AMC-3
- Names: GE-3 (1997-2001) AMC-3 (2001-present) Eagle-1 (2017-present)
- Mission type: Communications
- Operator: GE Americom (1997-2001) SES Americom (2001-2009) SES World Skies (2009-2011) SES (2011-present)
- COSPAR ID: 1997-050A
- SATCAT no.: 24936
- Mission duration: 15 years (planned) 28 years, 6 months, 20 days (elapsed)

Spacecraft properties
- Spacecraft: GE-3
- Spacecraft type: Lockheed Martin A2100
- Bus: LM A2100A
- Manufacturer: Lockheed Martin
- Launch mass: 2,845 kg (6,272 lb)
- Dry mass: 1,300 kg (2,900 lb)

Start of mission
- Launch date: 4 September 1997, 12:03:00 UTC
- Rocket: Atlas IIAS
- Launch site: Cape Canaveral, LC-36A
- Contractor: Lockheed Martin
- Entered service: 1997

Orbital parameters
- Reference system: Geocentric orbit
- Regime: Geostationary orbit
- Longitude: 72° West

Transponders
- Band: 48 transponders: 24 C-band 24 Ku-band
- Coverage area: Canada, United States, Mexico, Caribbean

= AMC-3 =

Communications satellite launched 1997

AMC-3 (formerly GE-3) is a commercial broadcast communications satellite owned by SES (and formerly GE Americom, then SES Americom, then SES World Skies).
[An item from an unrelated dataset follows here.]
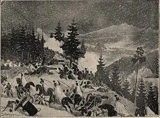 Guyon led the column attacking from the front, and, as he did not speak Hungarian well, he addressed the following speech to them, interspersing Hungarian and German words: Vorwärts dupla lénung, rückwärts kartács schiessen.[10] Which in English means something like: “If you go forward, you get double pay, if you retreat, I'll receive you with grapeshots”'.[10] However the attack led by the 33rd Honvéd Battalion was soon repulsed, because the Hungarian cannons, positioned near Korotnok, could not be effectively support the infantry, being on a much lower ground than the attacking soldiers.[8] When the Honvéds retreated, they found themselves confronted by Guyon's cannons, who fulfilled his vow and fired into them,[10] leaving one officer and 10 soldiers dead or wounded.[12] Guyon's center was then contented with a stationary artillery duel until the columns sent against the enemy's right and left and partly in its rear, appeared on the mountaintops surrounding the pass.[8] Then, at about 3 p.m., the 33rd Honvéd Battalion renewed its attack, but this did not go smoothly either.[8]

Launched on 4 September 1997, from Cape Canaveral, Florida, AMC-3 is a hybrid C-band / Ku-band satellite. It provides coverage to Canada, United States, Mexico, Caribbean. Located in a geostationary orbit parallel to the Yucatán Peninsula and Great Lakes, AMC-3 provides service to commercial and government customers, with programming distribution, satellite news gathering and broadcast internet capabilities.

== Eagle-1 ==
In January 2017, the AMC-3 Ku-band payload was sold to Global Eagle Entertainment (GEE), a provider of satellite-based connectivity and media to mobility markets, such as passenger aircraft. GEE purchased all the capacity on the satellite to support aeronautical customers, in particular Southwest Airlines, the company's largest customer, and rebranded the satellite as Eagle-1. The satellite remains under the control of SES S.A.